Bioinformatic analysis of results should include comparison with known interaction databases and functional annotation clustering. Pay special attention to proteins involved in stress response pathways, particularly those related to RIM101 signaling and weak acid stress response components .

How does YGL041C expression correlate with RIM101 pathway activation under weak acid stress?

Studies suggest potential functional connections between YGL041C and the RIM101 pathway in S. cerevisiae's response to weak acid stress. To investigate this correlation, a comprehensive experimental design should include:

  • Strain preparation: Create reporter strains with fluorescent protein tags for both YGL041C and key RIM101 pathway components (RIM101, RIM8, RIM20, RIM13).

  • Stress conditions: Expose cultures to varying concentrations of propionic acid (0-150 mM) at pH 4.0, which activates specific stress responses without triggering general acid stress responses.

  • Time-course analysis: Monitor expression at defined intervals (15 min to 8 hours) using:

    • RT-qPCR for transcript levels

    • Western blotting for protein levels

    • Fluorescence microscopy for localization changes

    • Flow cytometry for population-level quantification

  • Genetic manipulations: Compare wild-type responses with:

    • ΔRIM101 strains to observe YGL041C behavior without RIM101

    • ΔYGL041C strains to observe RIM101 pathway behavior

    • Double mutants to assess potential epistasis

Data analysis should employ Pearson or Spearman correlation coefficients to quantify relationships between expression patterns. The temporal sequence of expression changes can provide insights into regulatory relationships—whether YGL041C is upstream, downstream, or parallel to RIM101 signaling.

Research indicates the RIM101 pathway is required for maximal tolerance to weak acid-induced stress at pH 4.0, and may regulate several previously unidentified target genes, potentially including YGL041C. The pathway appears to be important for counteracting propionic acid-induced cytosolic acidification and for proper vacuolar acidification and cell wall structure .

What computational approaches can predict structural and functional features of YGL041C?
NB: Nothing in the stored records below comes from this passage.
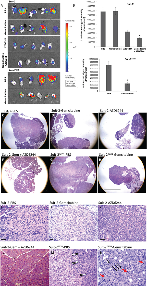 Figure 5: Inhibition of MV-release sensitizes orthotopically implanted GEM-resistant pancreatic tumors to GEM. A. Bioluminescence imaging of tumors from each group. B. Quantification graphs. *P < 0.005 compared to AZD6244 (Suit-2 tumor, top panel) or PBS-treated group (Suit-2T27N tumor, bottom panel). Results are presented as mean ± SE. Representative C-H. low magnification and I-N. high magnification histopathology images from each group. C, E, G and H show larger tumor masses with extensive central necrosis. D shows a small tumor mass at the edge of the pancreas and a smaller tumor in the same organ. Most of the transplanted tumors are made up of small epithelial cells that grow in solid masses as seen in I and J and sometimes a slight glandular pattern as shown in K. Sections in F and L show an essentially normal pancreas. White arrows in M indicate the border between viable tumor on the right and necrosis on the left. In N the red arrows point to apoptosis and the black arrows to mitoses. The scale bar represents 20 mm. The scale bars for I, K, L, and M are 3 times larger and in N is 4 times larger.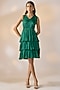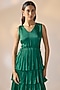 Green Satin Georgette Ruffled Tiered Dress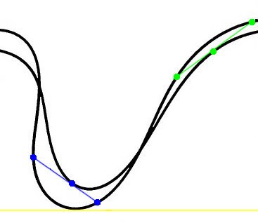 1번 때문에 뒷바퀴 경로의 접선을 그으면 반드시 앞바퀴 경로와 만나야 한다. 따라서 아래 그림처럼 “더 구불구불한” 경로의 노란 접선은 나머지 경로와 만나지 않으므로, 이 경로는 앞바퀴의 것이 된다.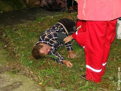 Через декілька хвилин приїхала швидка допомога. Оглянули чоловіка та забрали його до лікарні.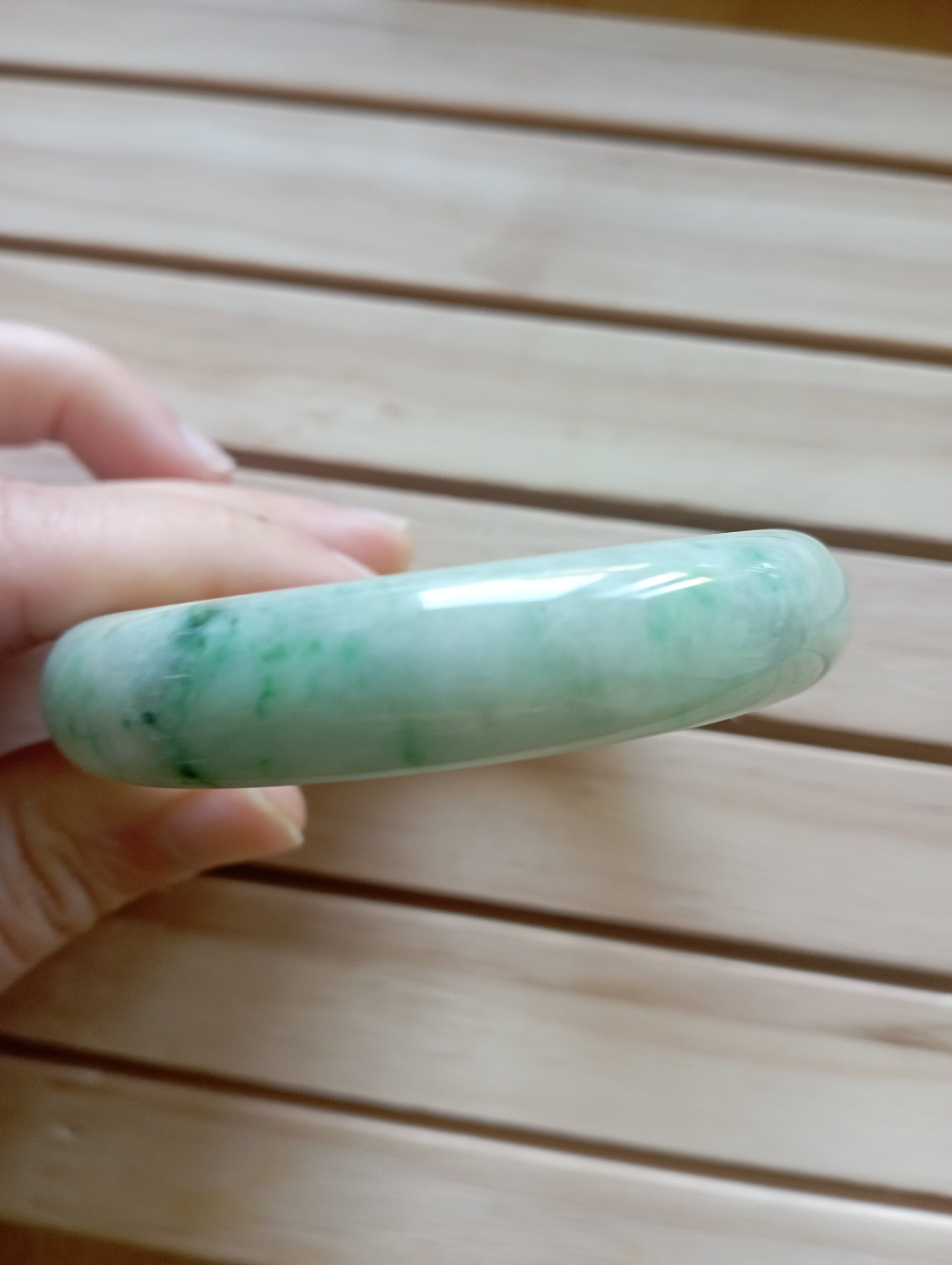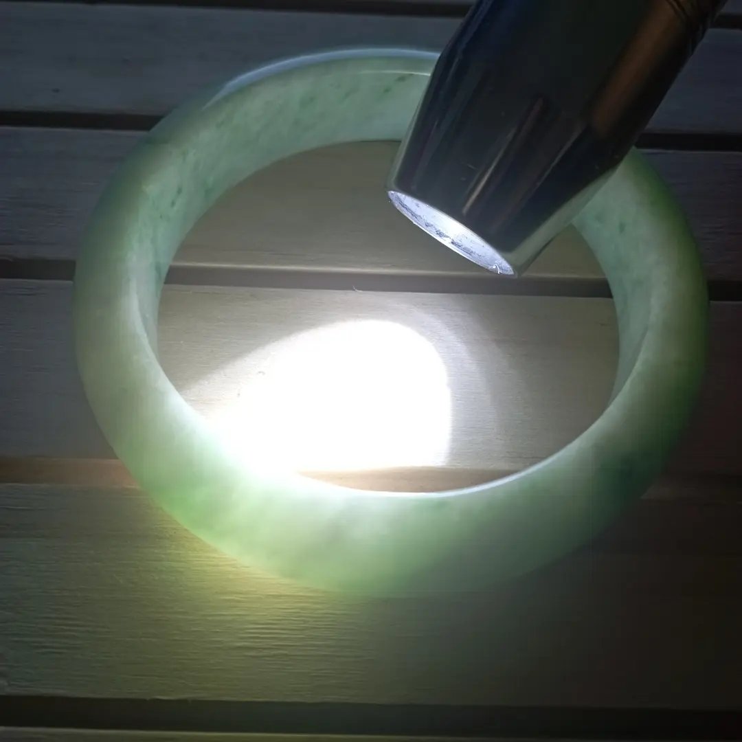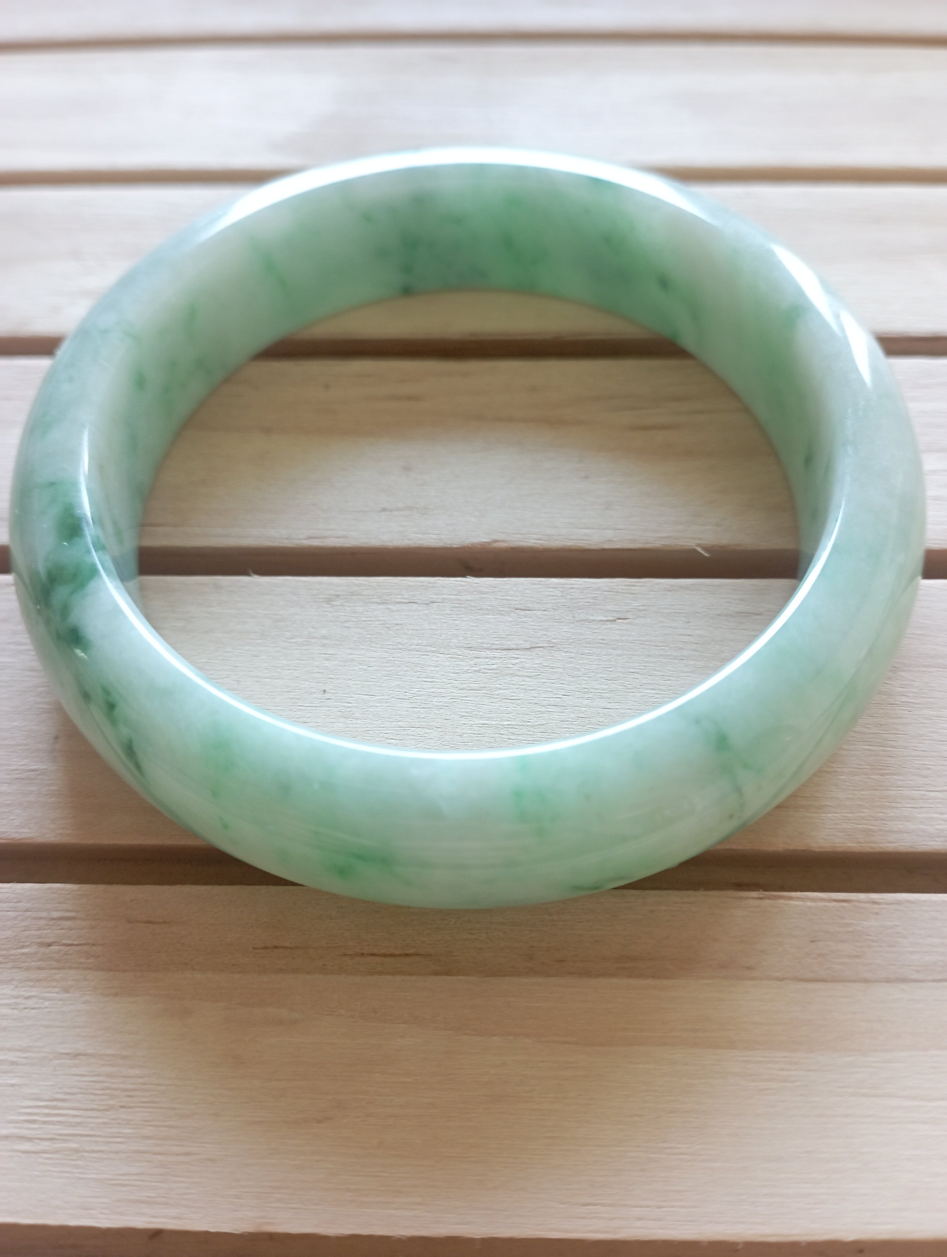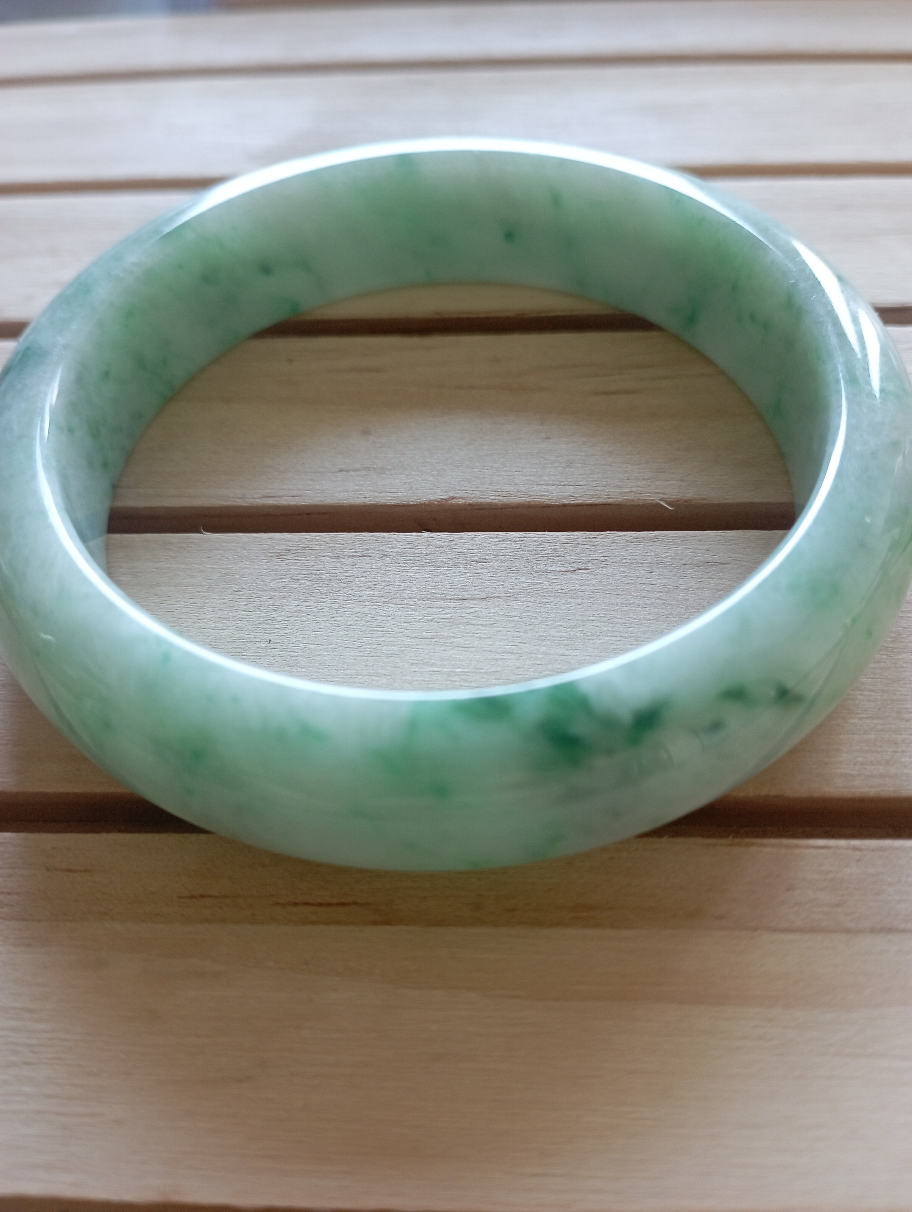 Beautiful apple green jadeite bangle measures 56.3 X 13.5 X 8.3mm, it has lovely darker green blooms scattered all over, the colour is gorgeous when the light shines through, it comes with a certificate of authenticity. £428

Advanced computational analyses can offer valuable insights into YGL041C's potential functions before extensive laboratory characterization. Implement the following multi-layered approach:

  • Sequence-based predictions:

    • Apply the Z curve method, which transforms DNA sequence into a three-dimensional curve where coding and non-coding regions show distinct distribution patterns

    • Calculate the YZ score, defined as (F(u)-Fmin-)/(Fmax+-Fmin-), where values above 0.5 suggest coding potential

    • Use position-specific scoring matrices to identify conserved motifs

  • Structural predictions:

    • Employ machine learning algorithms like AlphaFold2 for tertiary structure prediction

    • Identify potential transmembrane regions and signal peptides

    • Analyze secondary structure propensities (alpha-helices, beta-sheets)
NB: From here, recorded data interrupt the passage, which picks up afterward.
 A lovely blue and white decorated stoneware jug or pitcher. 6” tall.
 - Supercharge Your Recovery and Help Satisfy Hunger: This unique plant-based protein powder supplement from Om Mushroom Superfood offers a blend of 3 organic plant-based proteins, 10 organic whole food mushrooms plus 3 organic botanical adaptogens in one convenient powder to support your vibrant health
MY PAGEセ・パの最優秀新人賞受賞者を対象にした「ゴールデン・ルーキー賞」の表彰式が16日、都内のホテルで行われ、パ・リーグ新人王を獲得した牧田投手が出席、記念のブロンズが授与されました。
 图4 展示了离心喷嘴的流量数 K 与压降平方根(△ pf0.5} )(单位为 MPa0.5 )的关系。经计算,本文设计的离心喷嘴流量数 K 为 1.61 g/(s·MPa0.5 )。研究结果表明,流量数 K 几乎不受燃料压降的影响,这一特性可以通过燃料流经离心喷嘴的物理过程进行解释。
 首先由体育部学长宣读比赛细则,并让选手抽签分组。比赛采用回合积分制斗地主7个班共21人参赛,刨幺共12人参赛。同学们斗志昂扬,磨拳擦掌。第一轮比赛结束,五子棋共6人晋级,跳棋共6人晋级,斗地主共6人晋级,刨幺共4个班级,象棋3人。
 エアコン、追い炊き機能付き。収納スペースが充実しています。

    • Predict intrinsically disordered regions that may be involved in interactions

  • Functional annotation:

    • Apply gene ontology enrichment analysis of proteins with similar domains

    • Conduct comparative genomics across related yeast species

    • Identify potential post-translational modification sites

    • Perform docking simulations with candidate interaction partners

  • Integration of multi-omics data:

    • Correlate expression patterns across publicly available transcriptomic datasets

    • Analyze co-expression networks to identify functionally related genes

    • Incorporate proteomic data on abundance and localization

The Z curve methodology has been particularly effective for identifying protein-coding genes in yeast genomes with better than 95% accuracy. For YGL041C analysis, the Fisher discriminant algorithm applied to the 10-dimensional vector derived from the Z curve provides a robust framework for prediction .
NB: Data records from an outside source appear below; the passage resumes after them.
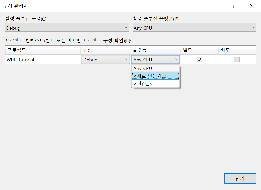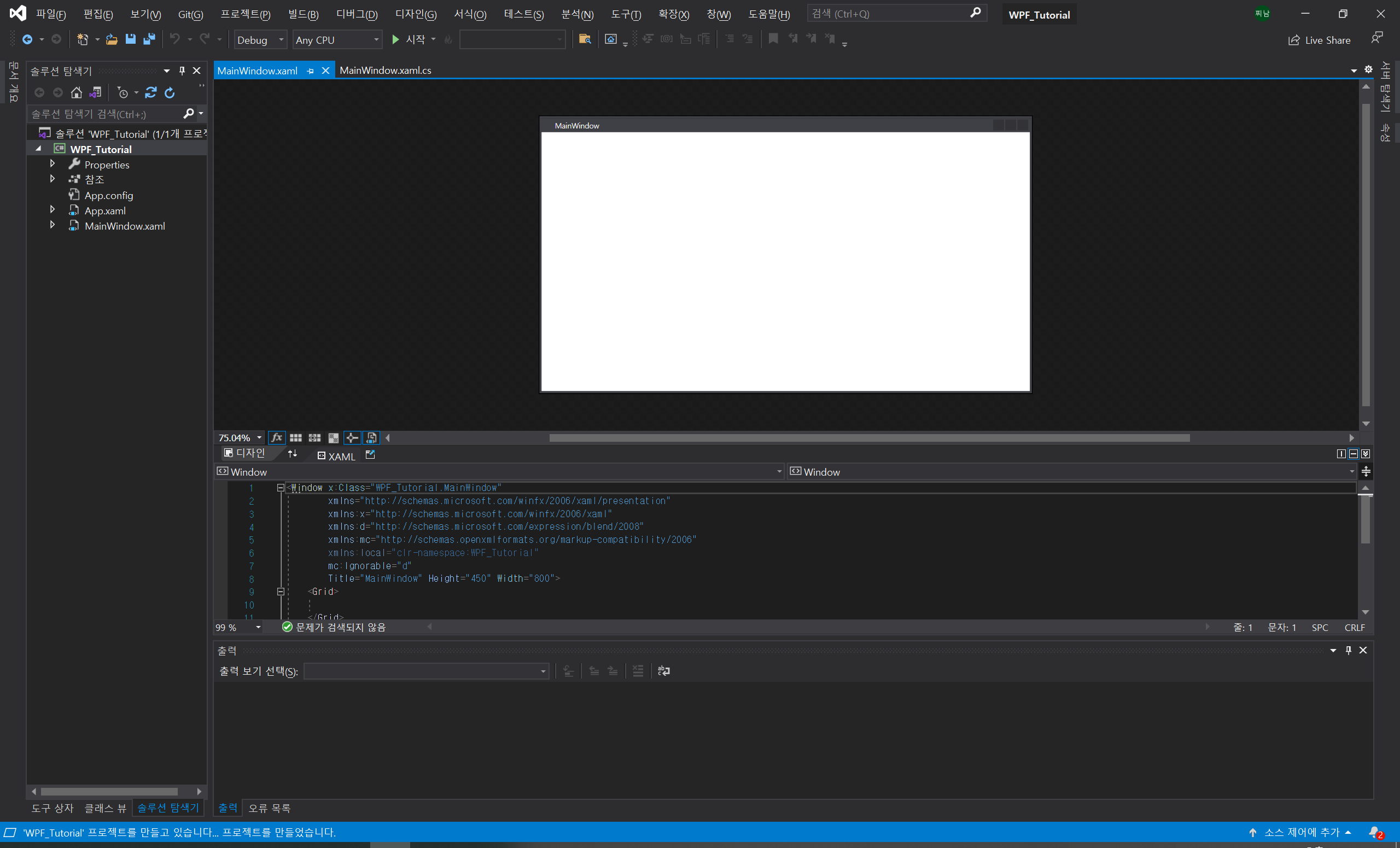 1. WPF 프로젝트를 생성합니다.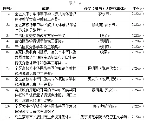 学院始终以铸牢中华民族共同体意识为工作主线,以高度的政治责任感和使命感,全力做好民族团结进步教育相关工作。2023年8月试用《中华民族共同体概论》教材,2024年面向全校学生开设该课程。课程建设成效明显,详见表2-1。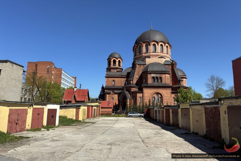 Dann machen wir einen Bogen durch die Stadt und radeln am Bahnhof vorbei, wo die Busse nach St. Petersburg parken. Per Luftlinie ist es dorthin nicht so weit, aber da die Grenzbrücke für Fahrzeuge gesperrt ist, muss man derzeit südlich vom Peipussee die Grenze überqueren.

How can researchers address contradictory data when characterizing YGL041C function?

  • Data validation and quality assessment:

    • Reexamine raw data for technical anomalies or outliers

    • Verify reagent quality, including antibody specificity and strain genotypes

    • Review statistical analyses for appropriate power and test selection

    • Implement blinded experimental design when possible

  • Experimental context considerations:

    • Evaluate strain background differences (laboratory vs. wild strains)

    • Assess media composition variations and growth conditions

    • Compare acute vs. chronic stress responses

    • Consider cell-to-cell heterogeneity using single-cell approaches

  • Hypothesis refinement:

    • Develop alternative models that accommodate seemingly contradictory results

    • Design critical experiments that specifically differentiate between competing hypotheses

    • Consider context-dependent functions or condition-specific activities

  • Methodological triangulation:

    • Apply orthogonal techniques to measure the same parameters

    • Utilize both in vivo and in vitro approaches

    • Combine genetic, biochemical, and imaging methodologies

When analyzing unexpected results, maintain scientific rigor by thoroughly examining data for discrepancies and evaluating initial assumptions. Consider alternative explanations for contradictory findings, which may lead to refinement of hypotheses or discovery of context-dependent functions. Document all approaches systematically, including unsuccessful attempts, to provide comprehensive research context .

What statistical approaches are most appropriate for analyzing YGL041C expression data across different experimental conditions?

When analyzing YGL041C expression data across multiple conditions, researchers should implement condition-appropriate statistical methods that account for the specific characteristics of the experimental design:

  • For RT-qPCR expression data:

    • Normalize against multiple reference genes (ACT1, TAF10, ALG9) using algorithms like geNorm or NormFinder

    • Apply the 2^-ΔΔCT method for relative quantification

    • Use ANOVA with post-hoc tests (Tukey's HSD) for multiple condition comparisons

    • Implement linear mixed models when incorporating random effects

  • For time-course experiments:

    • Apply repeated measures ANOVA when assumptions are met

    • Consider non-parametric alternatives when data violate normality assumptions

    • Use longitudinal data analysis methods for complex time-dependent patterns

  • For RNA-seq data:

    • Implement DESeq2 or edgeR for differential expression analysis

    • Account for batch effects using ComBat or similar approaches

    • Apply FDR correction for multiple testing (Benjamini-Hochberg)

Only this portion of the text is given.